AMD is leaning hard into the "token economy" narrative, arguing that running inference on-premises can save significant money compared to cloud API calls. The company estimates that a single Ryzen AI Halo box can save up to $750 per month over cloud compute, breaking even on cost after six months at a usage rate of six million tokens per day. That math lines up with real-world anecdotes: OpenClaw developer Peter Steinberger recently reported racking up $1.3 million in OpenAI API usage over 30 days across a three-person team working on an agentic AI framework.

Whether that cost-saving narrative holds depends on workload consistency. Teams running sporadic or highly variable inference jobs may not see the same break-even timeline, but for organizations with sustained, high-volume token consumption, a local box with 128–192GB of unified memory could be a compelling alternative to perpetual cloud spend.

What's still unclear

Several details remain pending. AMD hasn't shared an exact pre-order date for June, nor has it named OEM partners for Gorgon Halo systems. An AMD spokesperson said that "several OEM partners have expressed excitement" and that "systems will be announced from our partners starting in Q3 2026," but no specific manufacturers or models were disclosed.

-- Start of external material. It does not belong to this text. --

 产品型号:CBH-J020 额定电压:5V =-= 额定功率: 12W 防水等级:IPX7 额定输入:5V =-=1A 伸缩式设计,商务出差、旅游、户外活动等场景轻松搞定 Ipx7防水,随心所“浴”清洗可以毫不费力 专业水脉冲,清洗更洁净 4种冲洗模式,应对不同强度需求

The consumer fate of Gorgon Halo is also uncertain. All three announced SKUs carry the "Pro" tag, which AMD says indicates enterprise-grade security, manageability, and reliability features. When asked about consumer variants, AMD didn't commit either way. The Strix Halo generation was a niche product, available in only a handful of machines — the Framework Desktop, ROG Flow Z13, and GMKtec EVO-X2 — so a similarly conservative rollout for Gorgon Halo is possible.

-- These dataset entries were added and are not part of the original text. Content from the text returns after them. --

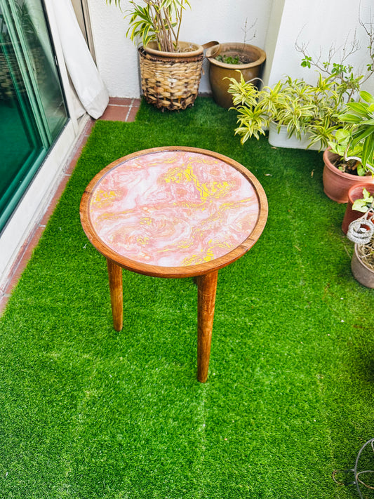 Acacia Wooden Accent Table Small Blush Enamel Detachable Legs Table - single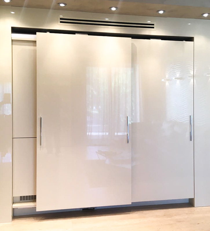 Уникальные межкомнатные двери ДС 08 со стеклянной отделкой, выполненные в современном стиле. Приятный пастельный оттенок светло-бежевого цвета создает атмосферу теплоты, поддерживая ощущение простора. Сдвижной механизм обеспечивает удобство использования. Эта модель подойдет для использования в частных и коммерческих интерьерах, установки в конференц-залах, ресторанах.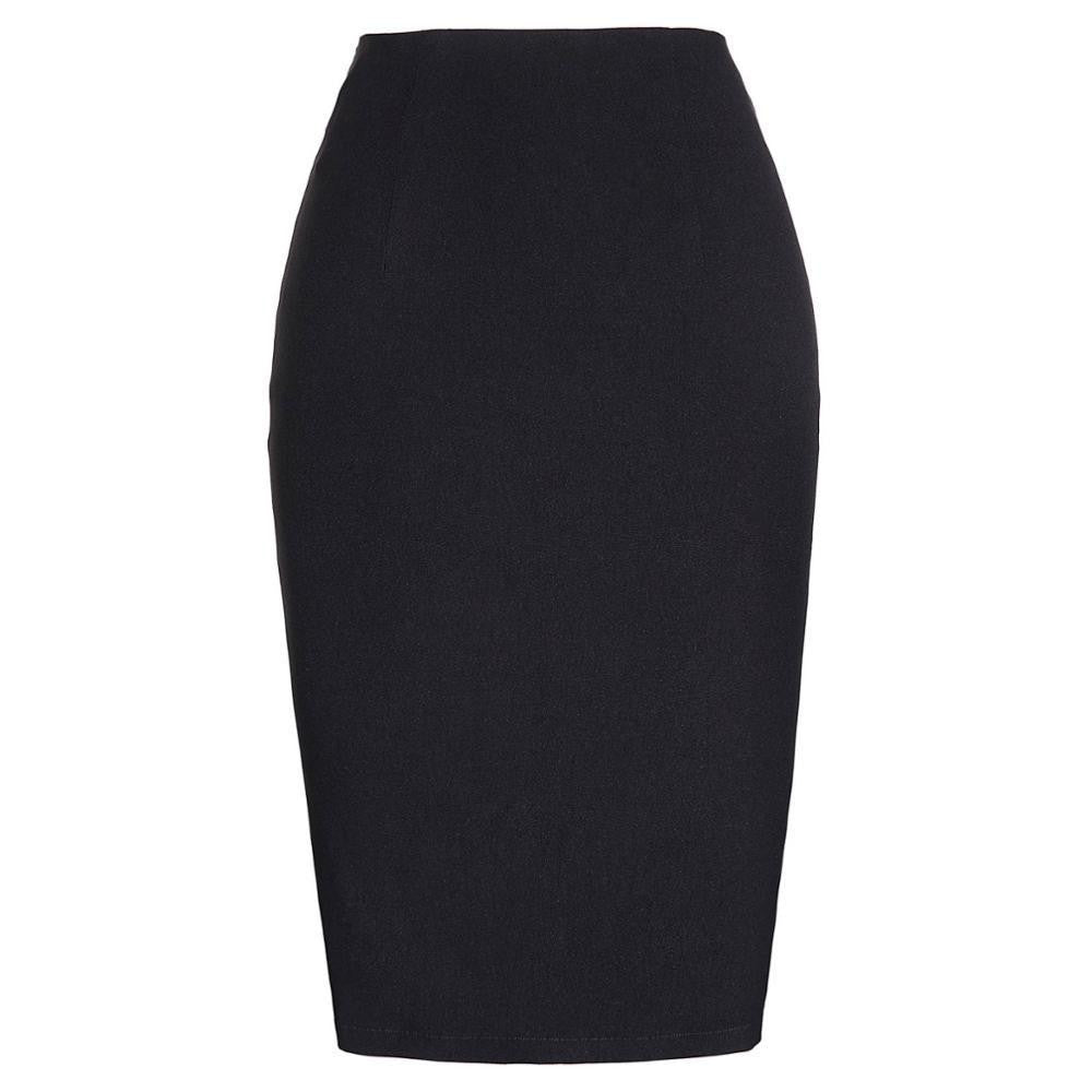 This stunning piece is a high-waisted polyester spandex knee-length pencil skirt get this fashionable piece now. Available in your size.

Notably, AMD kept the GPU core count at 32 CUs for the 490 and 485, down from the 40 CUs used on the refreshed Strix Halo 385 and 390. It's possible a further refresh could bring 40 CUs to the lower-end Gorgon Halo SKUs, but AMD hasn't indicated that yet.

What to watch next

With pre-orders opening in June and partner systems expected in Q3 2026, the next few months should clarify pricing for the full Halo box lineup and reveal which OEMs plan to ship Gorgon Halo machines. Benchmarks from independent reviewers will also be critical — AMD's own token-per-second claims, while promising, need real-world validation across diverse model sizes and inference patterns. If the 300B+ parameter LLM capability holds up, the Ryzen AI Max 400 could carve out a genuine niche for on-premises, x86-based AI inference at a price point below Nvidia's DGX Spark.

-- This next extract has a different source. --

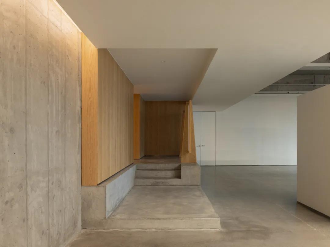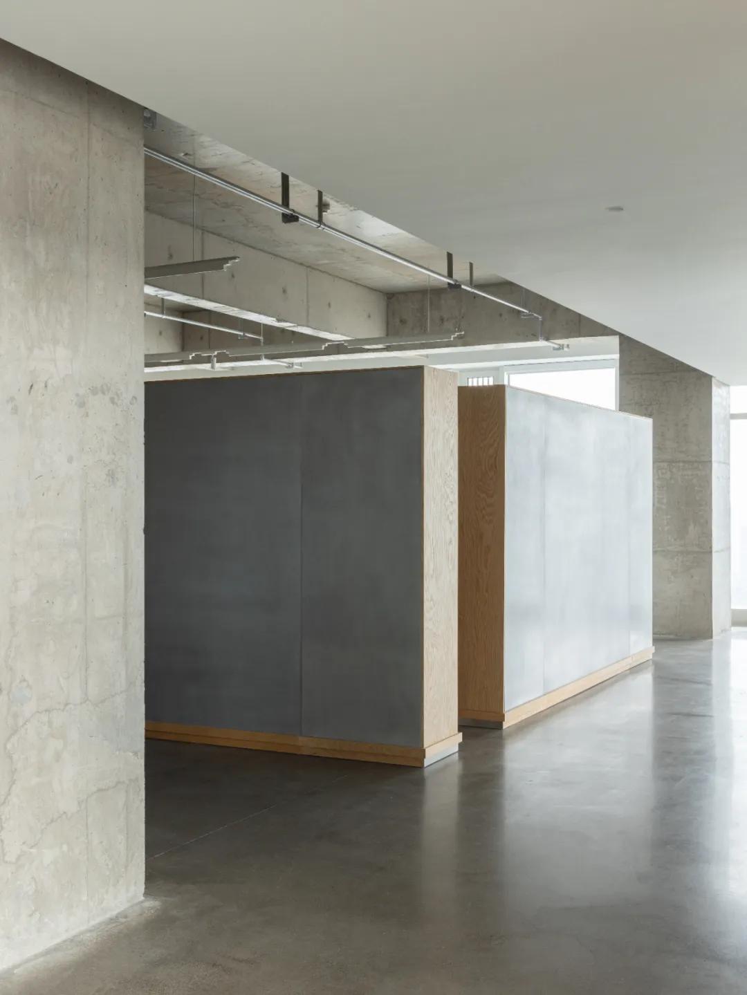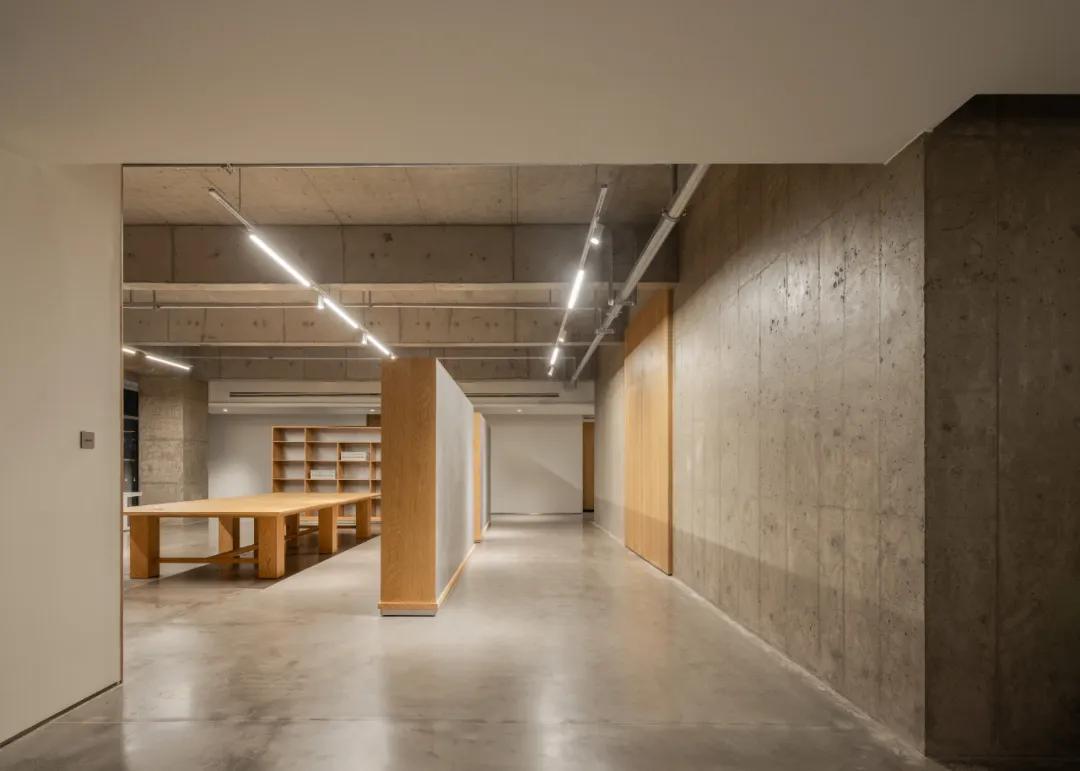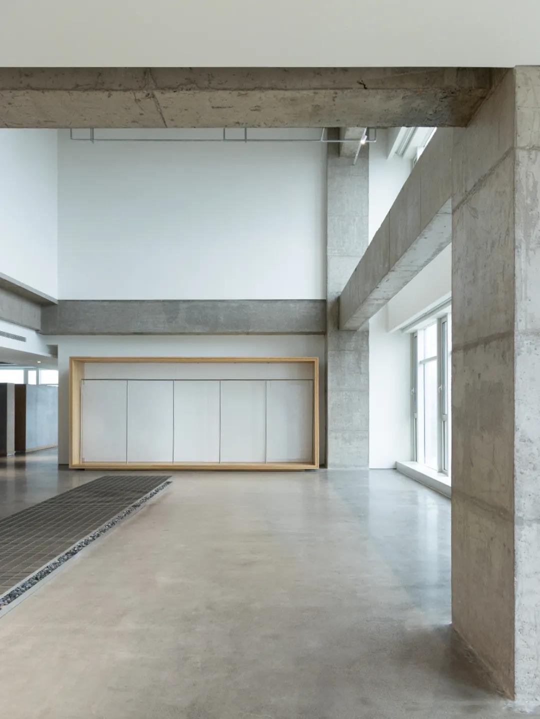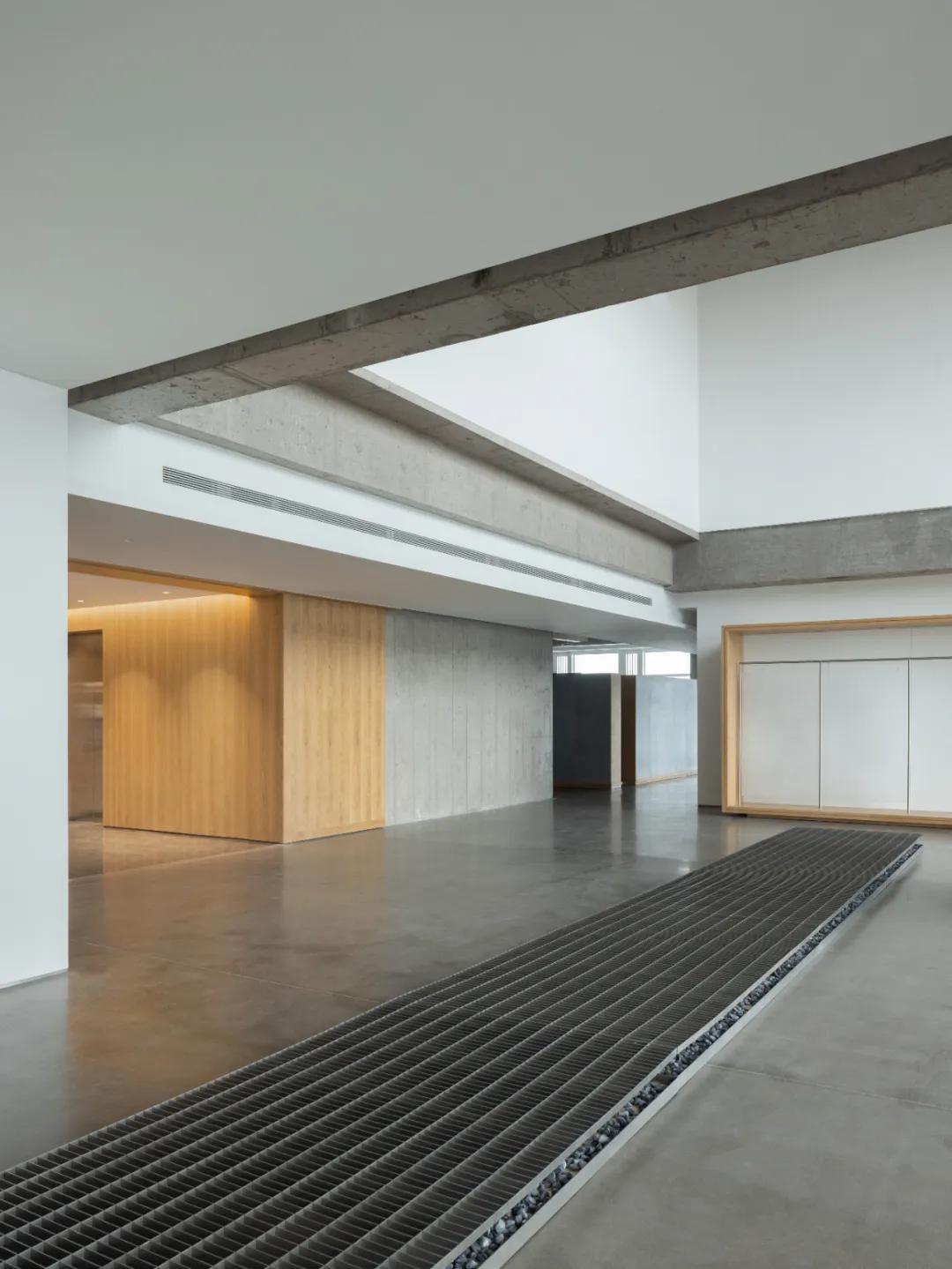 以“走廊”为介质,在公共展厅与私人办公空间之间构建了一个轻柔的缓冲地带。不仅是动线连接,由此衍生出多元化的功能布局,并通过材料从粗粝到精细的递变分布,完成“展厅”到“办公”的功能转变。

Editorial SiliconFeed is an automated feed: facts are checked against sources; copy is normalized and lightly edited for readers.

FAQ

What are the three Ryzen AI Max 400 Pro SKUs and their key specs?
The lineup consists of the Ryzen AI Max+ Pro 495 (16C/32T, 5.2 GHz boost, 80 MB cache, 55 NPU TOPS, 40 GPU CUs), the Ryzen AI Max Pro 490 (12C/24T, 5 GHz boost, 76 MB cache, 50 NPU TOPS, 32 GPU CUs), and the Ryzen AI Max Pro 485 (8C/16T, 5 GHz boost, 40 MB cache, 50 NPU TOPS, 32 GPU CUs). All three support up to 192GB of unified memory with 160GB usable as VRAM.
How does the Ryzen AI Halo box compare to Nvidia's DGX Spark?
The Ryzen AI Halo starts at $3,999 with a Ryzen AI Max+ 395, 128GB unified memory, and 2TB storage, while the DGX Spark costs $4,700 with 128GB unified memory, Nvidia's GB10 chip, and 4TB storage. On Linux, AMD claims the Halo delivers up to 14% higher tokens per second on GLM 4.7 Flash 30B and up to 4% higher on Qwen 3.6 35B. The Halo also supports Windows, whereas the DGX Spark is Linux-only.
When will the Ryzen AI Halo be available and what's the break-even timeline?
AMD is opening pre-orders in June for the Ryzen AI Halo box with the Ryzen AI Max+ 395, priced starting at $3,999. Partner systems based on the Ryzen AI Max Pro 400 series are expected starting in Q3 2026. AMD estimates the box saves up to $750 per month versus cloud compute, breaking even after six months at six million tokens per day.